Supplied material:
**********
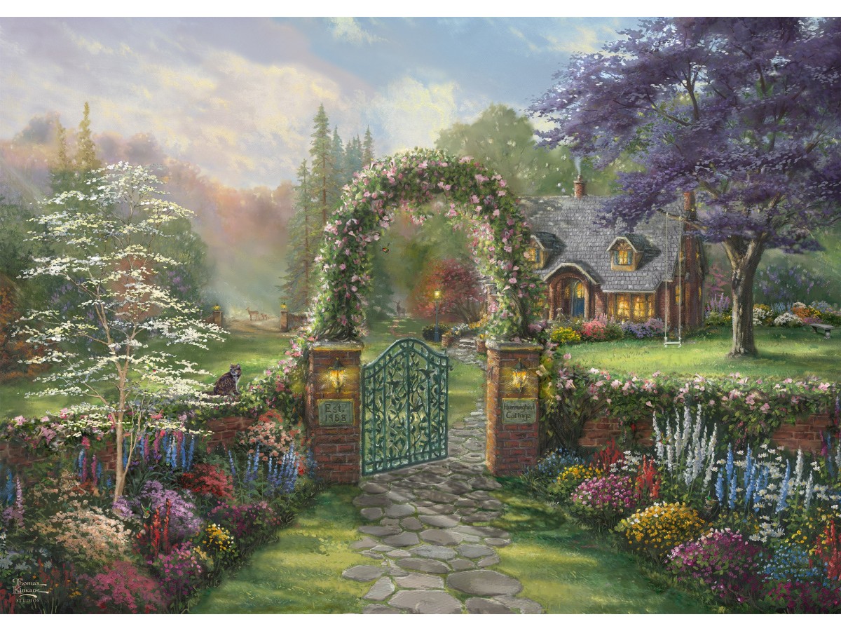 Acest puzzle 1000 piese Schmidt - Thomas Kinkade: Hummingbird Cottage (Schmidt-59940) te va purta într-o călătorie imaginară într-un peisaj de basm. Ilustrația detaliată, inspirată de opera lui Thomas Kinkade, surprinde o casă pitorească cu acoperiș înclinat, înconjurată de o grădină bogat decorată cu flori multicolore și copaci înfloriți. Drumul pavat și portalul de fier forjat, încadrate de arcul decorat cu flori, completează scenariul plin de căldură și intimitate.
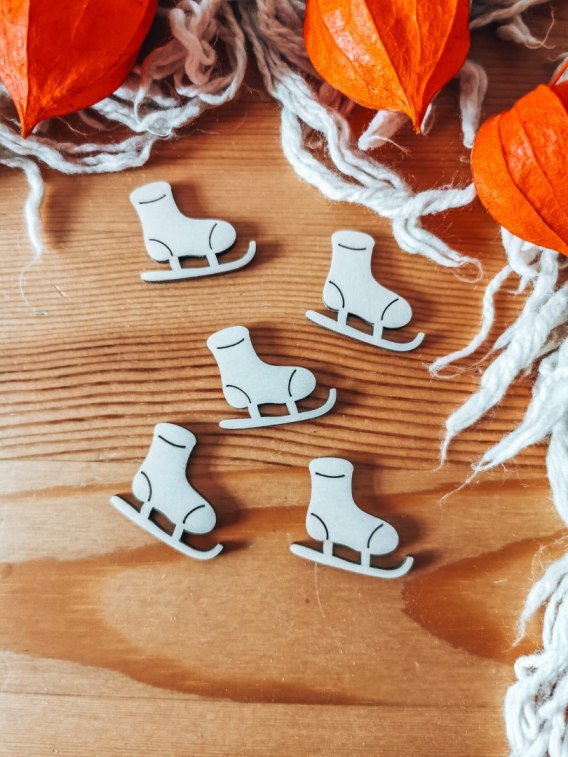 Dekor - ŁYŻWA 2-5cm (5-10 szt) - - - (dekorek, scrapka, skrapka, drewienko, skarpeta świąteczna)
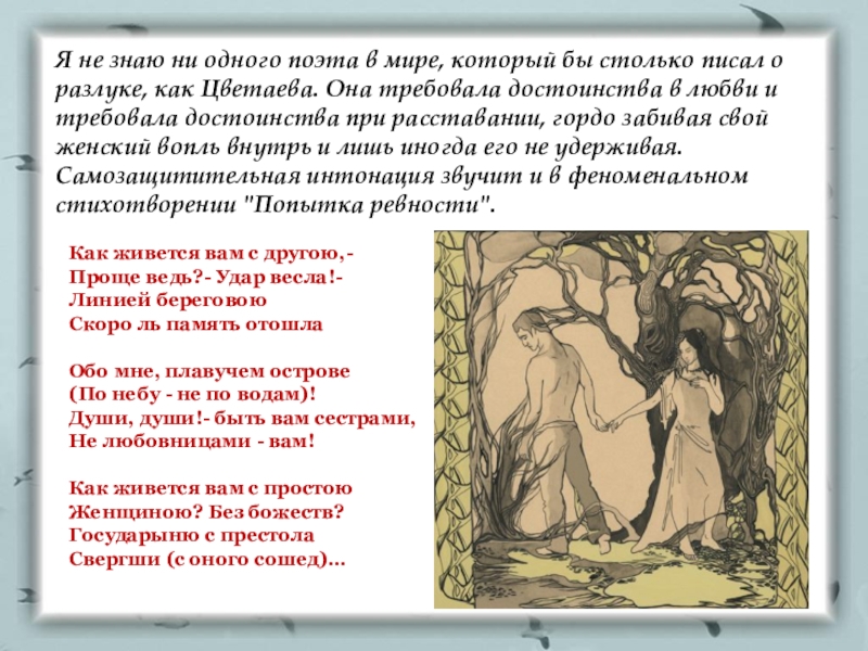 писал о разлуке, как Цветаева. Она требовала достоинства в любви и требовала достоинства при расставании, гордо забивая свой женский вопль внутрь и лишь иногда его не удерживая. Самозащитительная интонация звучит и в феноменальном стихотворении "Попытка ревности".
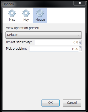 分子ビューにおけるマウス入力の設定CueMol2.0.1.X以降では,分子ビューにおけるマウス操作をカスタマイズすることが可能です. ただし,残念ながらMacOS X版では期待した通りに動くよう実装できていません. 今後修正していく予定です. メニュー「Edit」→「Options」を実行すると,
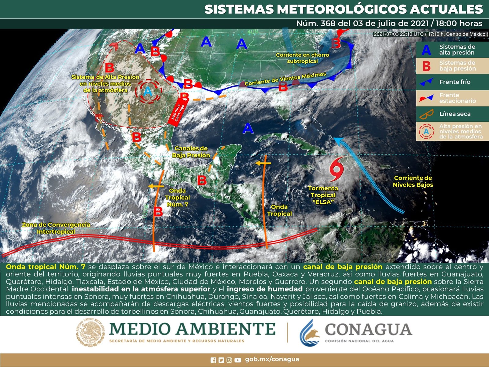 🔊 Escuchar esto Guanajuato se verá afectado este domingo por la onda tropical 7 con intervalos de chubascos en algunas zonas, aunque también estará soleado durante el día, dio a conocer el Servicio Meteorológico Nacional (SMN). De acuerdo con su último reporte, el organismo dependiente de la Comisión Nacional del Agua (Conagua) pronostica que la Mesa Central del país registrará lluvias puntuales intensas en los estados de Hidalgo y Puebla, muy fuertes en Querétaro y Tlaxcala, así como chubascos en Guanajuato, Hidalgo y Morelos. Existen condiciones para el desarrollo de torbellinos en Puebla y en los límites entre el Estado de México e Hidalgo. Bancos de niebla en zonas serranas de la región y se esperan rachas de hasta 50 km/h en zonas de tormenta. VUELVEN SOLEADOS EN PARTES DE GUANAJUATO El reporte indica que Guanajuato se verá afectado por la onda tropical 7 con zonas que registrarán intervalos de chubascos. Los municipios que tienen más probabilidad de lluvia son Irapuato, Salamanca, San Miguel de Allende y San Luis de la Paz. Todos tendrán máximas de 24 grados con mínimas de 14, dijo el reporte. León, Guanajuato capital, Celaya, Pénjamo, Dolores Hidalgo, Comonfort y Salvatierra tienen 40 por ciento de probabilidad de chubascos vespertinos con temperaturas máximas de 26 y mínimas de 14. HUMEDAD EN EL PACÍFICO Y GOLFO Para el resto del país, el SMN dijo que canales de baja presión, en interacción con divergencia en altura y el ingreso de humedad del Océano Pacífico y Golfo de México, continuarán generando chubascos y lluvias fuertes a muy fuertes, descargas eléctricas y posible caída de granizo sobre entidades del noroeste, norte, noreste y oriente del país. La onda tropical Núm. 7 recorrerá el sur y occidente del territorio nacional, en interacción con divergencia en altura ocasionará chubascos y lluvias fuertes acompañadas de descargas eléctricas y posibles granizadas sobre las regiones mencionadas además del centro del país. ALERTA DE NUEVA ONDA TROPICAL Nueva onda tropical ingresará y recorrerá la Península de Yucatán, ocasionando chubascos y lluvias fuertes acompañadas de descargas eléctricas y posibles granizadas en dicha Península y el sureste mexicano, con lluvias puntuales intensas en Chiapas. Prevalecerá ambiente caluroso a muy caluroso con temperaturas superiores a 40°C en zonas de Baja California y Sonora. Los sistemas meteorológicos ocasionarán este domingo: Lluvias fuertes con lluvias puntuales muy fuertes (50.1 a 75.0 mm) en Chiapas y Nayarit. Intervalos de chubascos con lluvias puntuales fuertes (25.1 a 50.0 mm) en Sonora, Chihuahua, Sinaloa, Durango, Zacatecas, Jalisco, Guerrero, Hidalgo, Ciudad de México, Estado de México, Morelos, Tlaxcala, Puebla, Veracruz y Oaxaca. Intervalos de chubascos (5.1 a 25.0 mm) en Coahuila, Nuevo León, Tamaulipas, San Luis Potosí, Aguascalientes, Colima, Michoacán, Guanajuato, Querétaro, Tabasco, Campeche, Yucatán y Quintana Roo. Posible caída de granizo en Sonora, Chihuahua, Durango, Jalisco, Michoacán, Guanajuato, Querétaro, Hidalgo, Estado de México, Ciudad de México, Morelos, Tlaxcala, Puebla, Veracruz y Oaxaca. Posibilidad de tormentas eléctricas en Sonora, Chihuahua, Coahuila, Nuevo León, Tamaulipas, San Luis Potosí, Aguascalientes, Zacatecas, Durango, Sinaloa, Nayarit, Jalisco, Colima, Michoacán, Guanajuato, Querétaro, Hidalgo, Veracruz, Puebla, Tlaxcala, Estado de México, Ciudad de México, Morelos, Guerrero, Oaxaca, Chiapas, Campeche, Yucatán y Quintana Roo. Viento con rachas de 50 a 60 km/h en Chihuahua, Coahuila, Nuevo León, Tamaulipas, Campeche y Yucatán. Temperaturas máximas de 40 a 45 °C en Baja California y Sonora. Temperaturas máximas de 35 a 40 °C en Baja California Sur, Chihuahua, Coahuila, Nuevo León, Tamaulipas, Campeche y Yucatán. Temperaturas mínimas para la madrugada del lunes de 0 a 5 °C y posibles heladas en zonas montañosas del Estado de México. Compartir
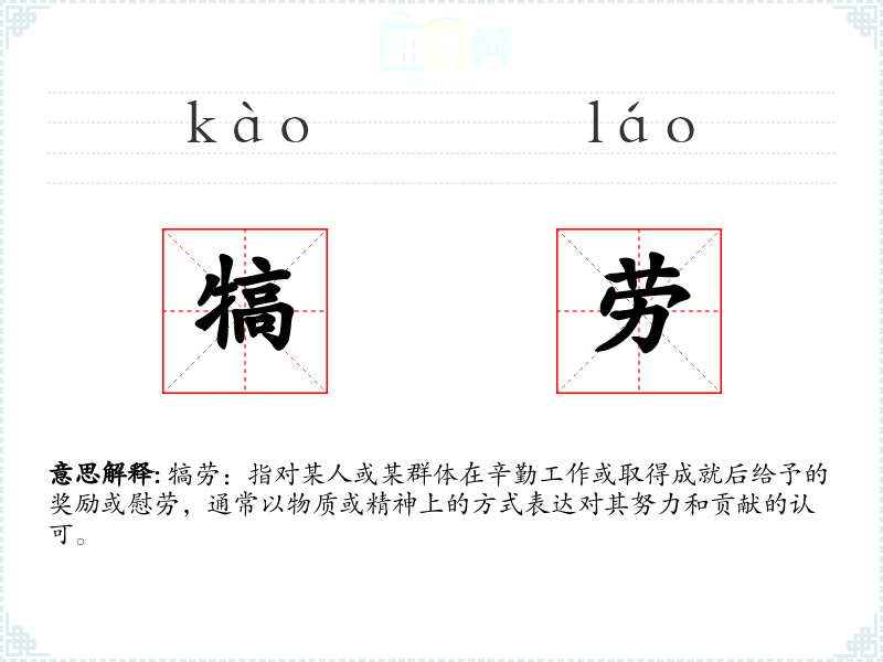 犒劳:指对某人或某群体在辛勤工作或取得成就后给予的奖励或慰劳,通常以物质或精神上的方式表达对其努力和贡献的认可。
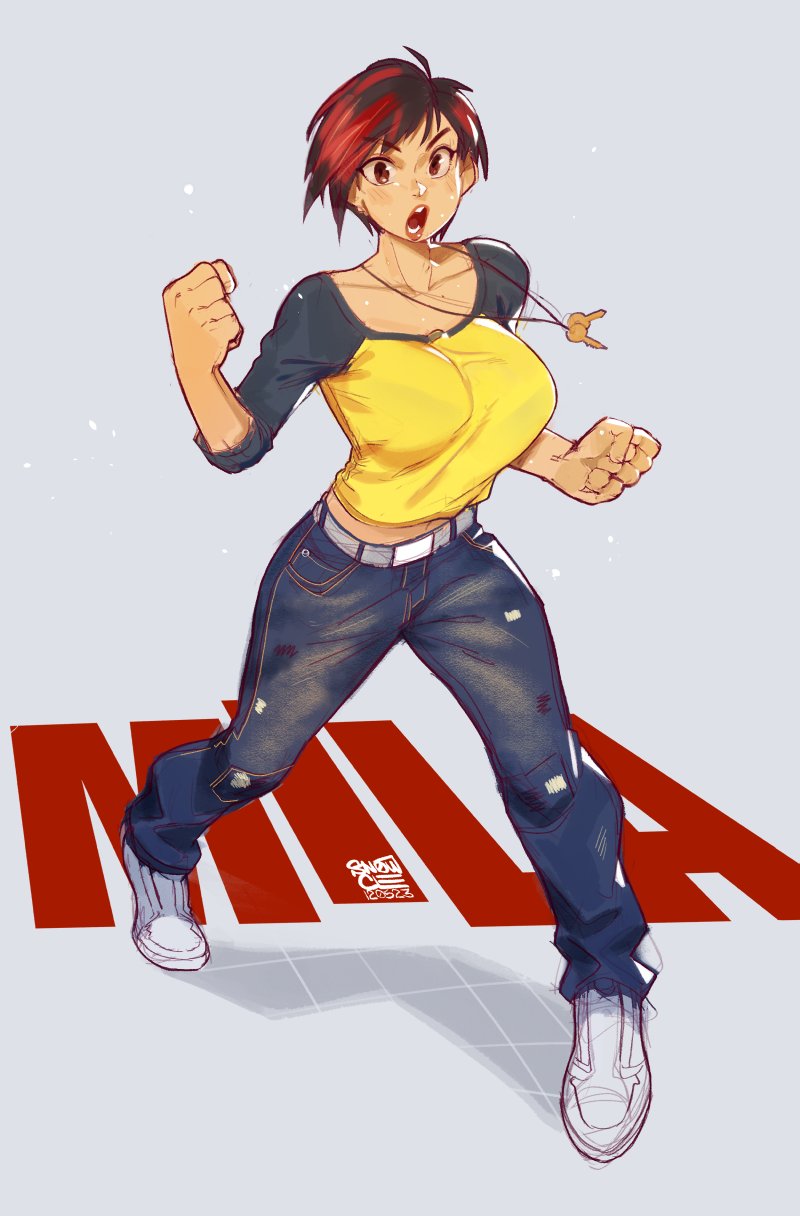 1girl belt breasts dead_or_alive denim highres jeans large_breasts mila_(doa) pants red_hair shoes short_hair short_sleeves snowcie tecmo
**********
Work request: Should a picture appear among the entries, skip it and copy the rest exactly.

Answer to this task:
 Acest puzzle 1000 piese Schmidt - Thomas Kinkade: Hummingbird Cottage (Schmidt-59940) te va purta într-o călătorie imaginară într-un peisaj de basm. Ilustrația detaliată, inspirată de opera lui Thomas Kinkade, surprinde o casă pitorească cu acoperiș înclinat, înconjurată de o grădină bogat decorată cu flori multicolore și copaci înfloriți. Drumul pavat și portalul de fier forjat, încadrate de arcul decorat cu flori, completează scenariul plin de căldură și intimitate.
 Dekor - ŁYŻWA 2-5cm (5-10 szt) - - - (dekorek, scrapka, skrapka, drewienko, skarpeta świąteczna)
 писал о разлуке, как Цветаева. Она требовала достоинства в любви и требовала достоинства при расставании, гордо забивая свой женский вопль внутрь и лишь иногда его не удерживая. Самозащитительная интонация звучит и в феноменальном стихотворении "Попытка ревности".
 分子ビューにおけるマウス入力の設定CueMol2.0.1.X以降では,分子ビューにおけるマウス操作をカスタマイズすることが可能です. ただし,残念ながらMacOS X版では期待した通りに動くよう実装できていません. 今後修正していく予定です. メニュー「Edit」→「Options」を実行すると,
 🔊 Escuchar esto Guanajuato se verá afectado este domingo por la onda tropical 7 con intervalos de chubascos en algunas zonas, aunque también estará soleado durante el día, dio a conocer el Servicio Meteorológico Nacional (SMN). De acuerdo con su último reporte, el organismo dependiente de la Comisión Nacional del Agua (Conagua) pronostica que la Mesa Central del país registrará lluvias puntuales intensas en los estados de Hidalgo y Puebla, muy fuertes en Querétaro y Tlaxcala, así como chubascos en Guanajuato, Hidalgo y Morelos. Existen condiciones para el desarrollo de torbellinos en Puebla y en los límites entre el Estado de México e Hidalgo. Bancos de niebla en zonas serranas de la región y se esperan rachas de hasta 50 km/h en zonas de tormenta. VUELVEN SOLEADOS EN PARTES DE GUANAJUATO El reporte indica que Guanajuato se verá afectado por la onda tropical 7 con zonas que registrarán intervalos de chubascos. Los municipios que tienen más probabilidad de lluvia son Irapuato, Salamanca, San Miguel de Allende y San Luis de la Paz. Todos tendrán máximas de 24 grados con mínimas de 14, dijo el reporte. León, Guanajuato capital, Celaya, Pénjamo, Dolores Hidalgo, Comonfort y Salvatierra tienen 40 por ciento de probabilidad de chubascos vespertinos con temperaturas máximas de 26 y mínimas de 14. HUMEDAD EN EL PACÍFICO Y GOLFO Para el resto del país, el SMN dijo que canales de baja presión, en interacción con divergencia en altura y el ingreso de humedad del Océano Pacífico y Golfo de México, continuarán generando chubascos y lluvias fuertes a muy fuertes, descargas eléctricas y posible caída de granizo sobre entidades del noroeste, norte, noreste y oriente del país. La onda tropical Núm. 7 recorrerá el sur y occidente del territorio nacional, en interacción con divergencia en altura ocasionará chubascos y lluvias fuertes acompañadas de descargas eléctricas y posibles granizadas sobre las regiones mencionadas además del centro del país. ALERTA DE NUEVA ONDA TROPICAL Nueva onda tropical ingresará y recorrerá la Península de Yucatán, ocasionando chubascos y lluvias fuertes acompañadas de descargas eléctricas y posibles granizadas en dicha Península y el sureste mexicano, con lluvias puntuales intensas en Chiapas. Prevalecerá ambiente caluroso a muy caluroso con temperaturas superiores a 40°C en zonas de Baja California y Sonora. Los sistemas meteorológicos ocasionarán este domingo: Lluvias fuertes con lluvias puntuales muy fuertes (50.1 a 75.0 mm) en Chiapas y Nayarit. Intervalos de chubascos con lluvias puntuales fuertes (25.1 a 50.0 mm) en Sonora, Chihuahua, Sinaloa, Durango, Zacatecas, Jalisco, Guerrero, Hidalgo, Ciudad de México, Estado de México, Morelos, Tlaxcala, Puebla, Veracruz y Oaxaca. Intervalos de chubascos (5.1 a 25.0 mm) en Coahuila, Nuevo León, Tamaulipas, San Luis Potosí, Aguascalientes, Colima, Michoacán, Guanajuato, Querétaro, Tabasco, Campeche, Yucatán y Quintana Roo. Posible caída de granizo en Sonora, Chihuahua, Durango, Jalisco, Michoacán, Guanajuato, Querétaro, Hidalgo, Estado de México, Ciudad de México, Morelos, Tlaxcala, Puebla, Veracruz y Oaxaca. Posibilidad de tormentas eléctricas en Sonora, Chihuahua, Coahuila, Nuevo León, Tamaulipas, San Luis Potosí, Aguascalientes, Zacatecas, Durango, Sinaloa, Nayarit, Jalisco, Colima, Michoacán, Guanajuato, Querétaro, Hidalgo, Veracruz, Puebla, Tlaxcala, Estado de México, Ciudad de México, Morelos, Guerrero, Oaxaca, Chiapas, Campeche, Yucatán y Quintana Roo. Viento con rachas de 50 a 60 km/h en Chihuahua, Coahuila, Nuevo León, Tamaulipas, Campeche y Yucatán. Temperaturas máximas de 40 a 45 °C en Baja California y Sonora. Temperaturas máximas de 35 a 40 °C en Baja California Sur, Chihuahua, Coahuila, Nuevo León, Tamaulipas, Campeche y Yucatán. Temperaturas mínimas para la madrugada del lunes de 0 a 5 °C y posibles heladas en zonas montañosas del Estado de México. Compartir
 犒劳:指对某人或某群体在辛勤工作或取得成就后给予的奖励或慰劳,通常以物质或精神上的方式表达对其努力和贡献的认可。
 1girl belt breasts dead_or_alive denim highres jeans large_breasts mila_(doa) pants red_hair shoes short_hair short_sleeves snowcie tecmo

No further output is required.